Providing and Paying for Long-Term Care

As life expectancy pushes into the late 70s for men and well into the 80s for women, ever more people want help in order to be able to live their lives to the full for as long as possible.  How will demographic and labour market trends affect the supply of family and friends available to care for us? Can we rely on family carers as the sole source of support for frail seniors? Should family carers and friends be better supported, and if so how? Can we attract and retain care workers — is it just a matter of paying them better? Will public finances be threatened by the cost of providing care in the future? What should be the balance between private responsibility and public support in care-giving? Can we reduce costs by improving efficiency of long-term care services?

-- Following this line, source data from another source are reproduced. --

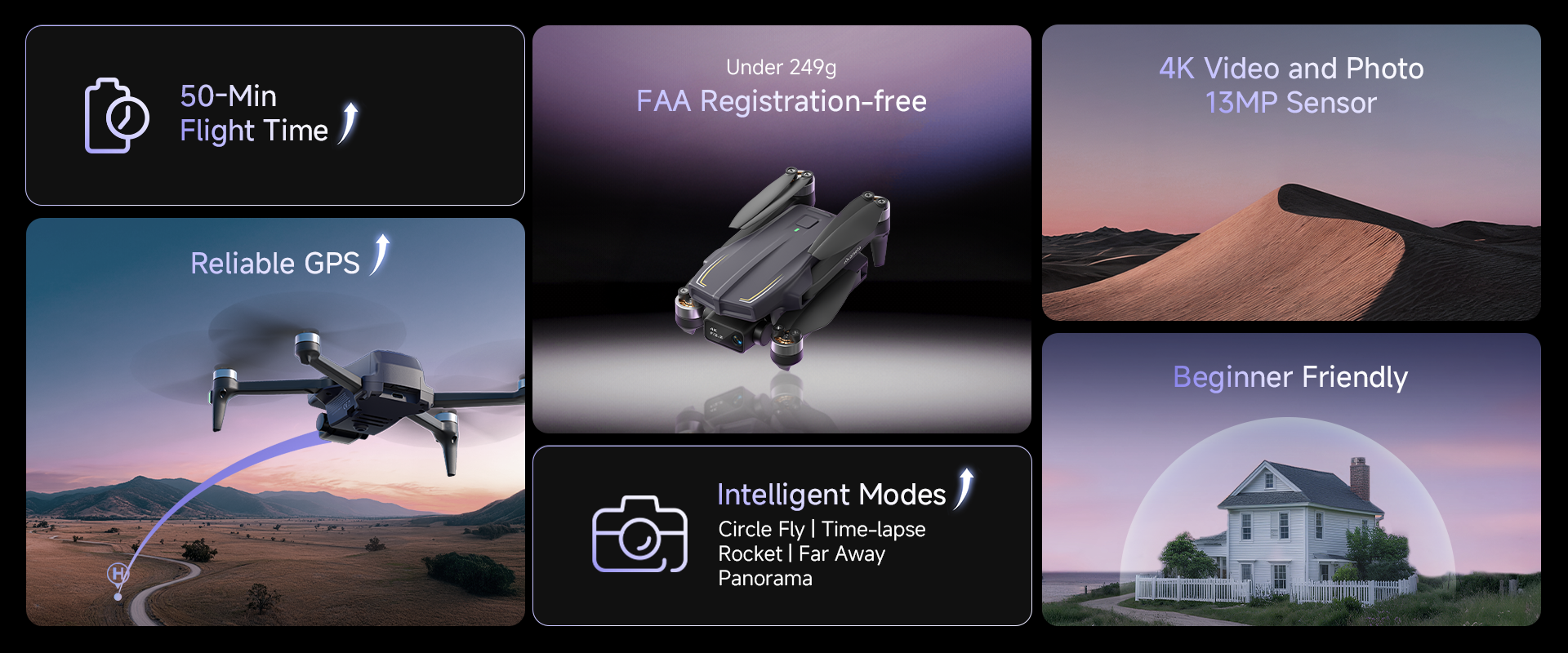 With One Key Takeoff, Altitude Hold, GPS Auto RTH, and Beginner Mode, flying feels safe, simple, and smooth—from your very first flight.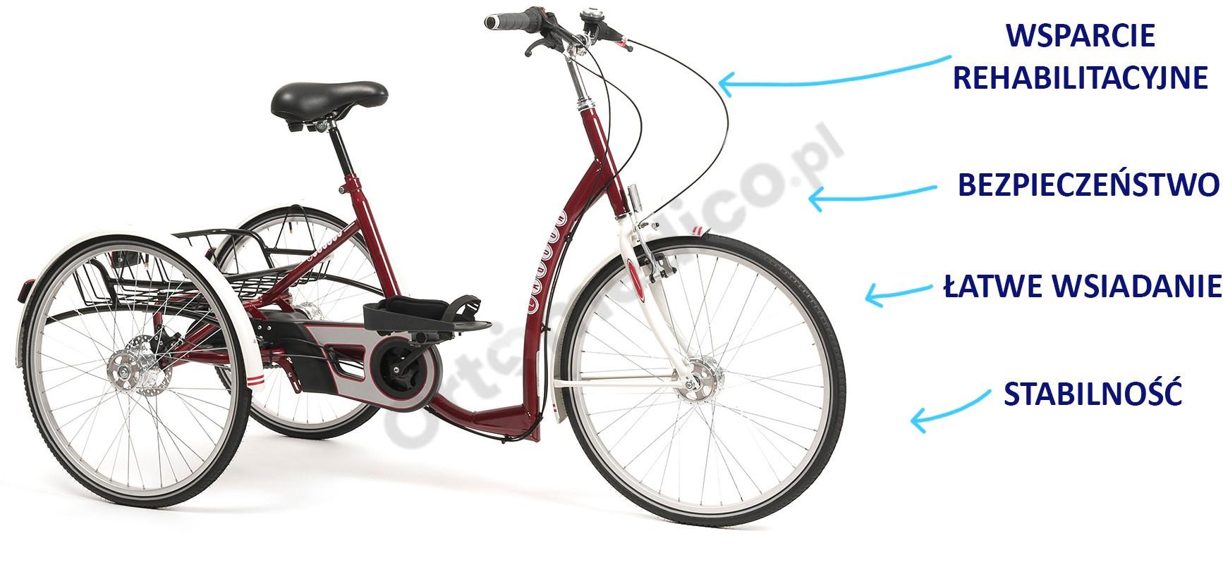 Nisko zawieszona rama ułatwia wsiadanie i zsiadanie z roweru, co jest kluczowe dla osób z ograniczeniami ruchowymi. Konstrukcja trójkołowa zapewnia pełną stabilność podczas jazdy i postoju.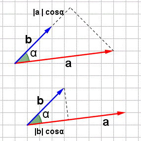 a ⋅ b = |a||b|cos α
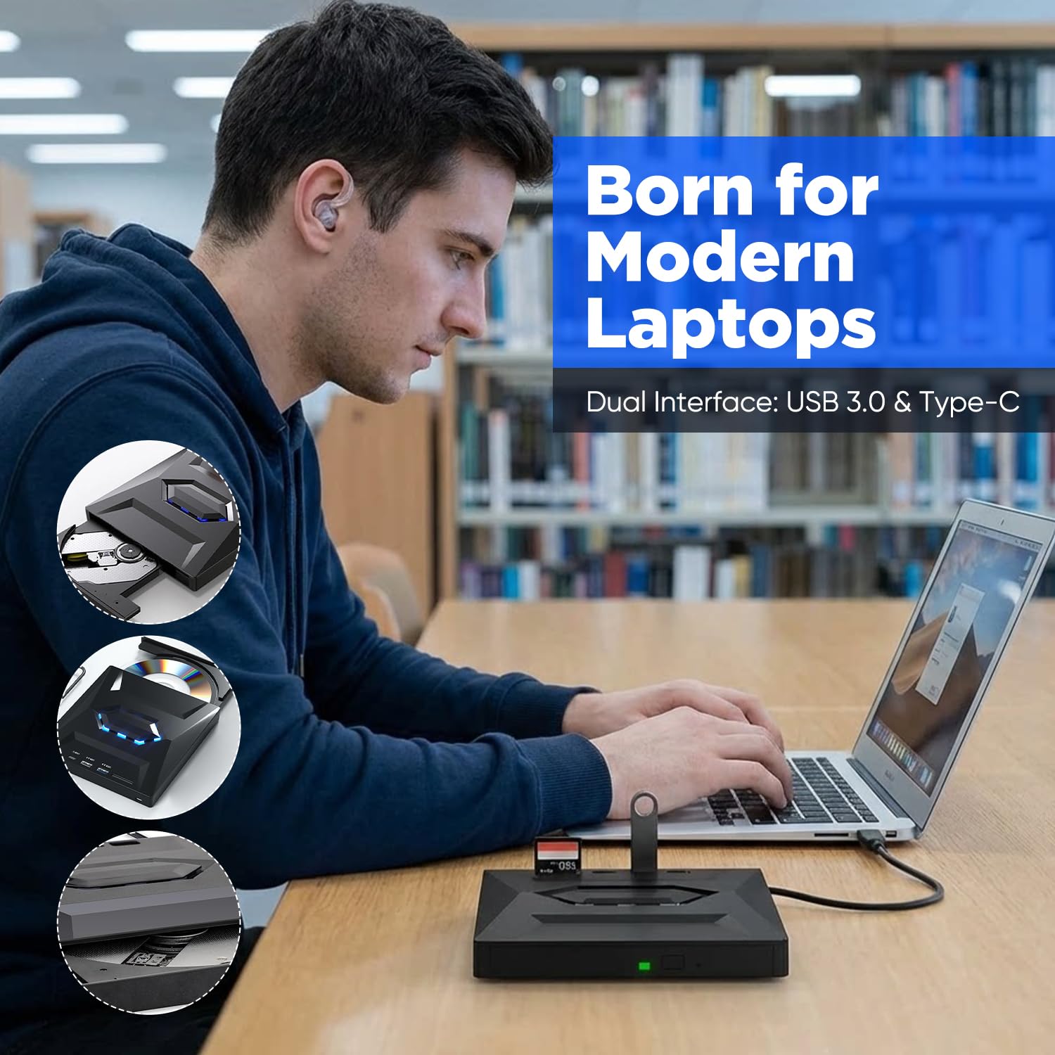 【Portable Design with Anti-Shock Support】Slim, lightweight build with anti-slip base and anti-shock design intended to help reduce vibration during reading/writing—choose a sakerplus portable blu ray drive for steadier use on desks or on the go.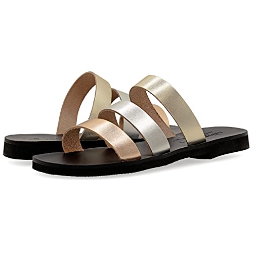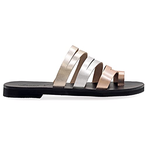 Emmanuela Sandali in stile antico in stile greco, sandali in pelle fatti a mano in pelle, sandali strappy, scarpe estive di alta qualità, boho chic slider, Multicoloree 1, 38 EU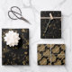 Elegantes schwarz-goldenes Walentinpapier. Dieses Set enthält drei Blätter Papier mit schwarzem Hintergrund und goldenen Herzmustern, für eine Touch der Klasse.
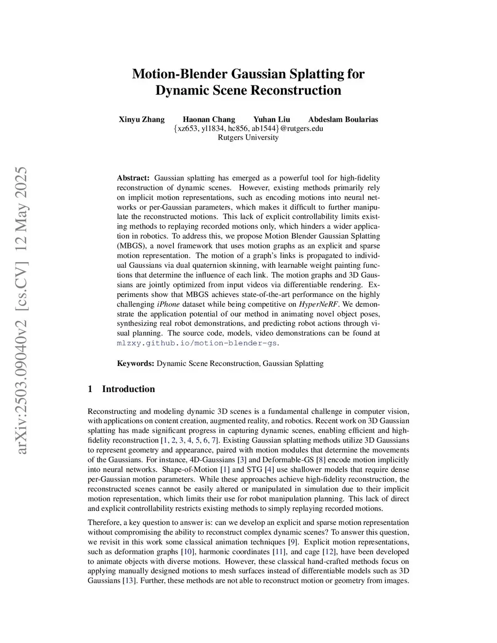 Gaussian splatting has emerged as a powerful tool for high-fidelity reconstruction of dynamic scenes. However, existing methods primarily rely on implicit motion representations, such as encoding motions into neural networks or per-Gaussian parameters, which makes it difficult to further manipulate the reconstructed motions. This lack of explicit controllability limits existing methods to replaying recorded motions only, which hinders a wider application in robotics. To address this, we propose Motion Blender Gaussian Splatting (MBGS), a novel framework that uses motion graphs as an explicit and sparse motion representation. The motion of a graph's links is propagated to individual Gaussians via dual quaternion skinning, with learnable weight painting functions that determine the influence of each link. The motion graphs and 3D Gaussians are jointly optimized from input videos via differentiable rendering. Experiments show that MBGS achieves state-of-the-art performance on the highly challenging iPhone dataset while being competitive on HyperNeRF. We demonstrate the application potential of our method in animating novel object poses, synthesizing real robot demonstrations, and predicting robot actions through visual planning. The source code, models, video demonstrations can be found atthis http URL.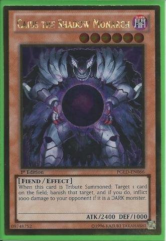 Set: Premium Gold ATK/DEF: 2400/1000 Card Number: PGLD-EN066 Monster Type: Fiend/Effect Rarity: Gold Rare Attribute: Dark Card Text: When this card is Tribute Summoned: Target 1 card on the field; banish that target, and if you do, inflict 1000 damage to your opponent if it was a DARK monster. Level: 6 Card Type: Effect Monster Name: Caius the Shadow Monarch Edition: 1st

In most countries, family carers and friends supply the bulk of caring, and the estimated economic value exceeds by far expenditure on formal care. A continuation of caring roles will be essential given future demographic and cost pressures facing long-term care (LTC) systems across the OECD. This is also what care recipients themselves prefer. Continuing to seek ways to support and maintain the supply of family care appears therefore a potentially win-win-win approach: For the care recipient; for the carers; and for public systems. This chapter provides an overview and an assessment of the current set of policies targeted to family carers, in relation to three main aspects: Caring and the labour market, carers’ wellbeing, and financial recognition to carers. The effectiveness of policies in helping carers combine care with paid work, in reducing burnout and stress of carers, and in recognising the additional costs associated with caring will then be discussed. 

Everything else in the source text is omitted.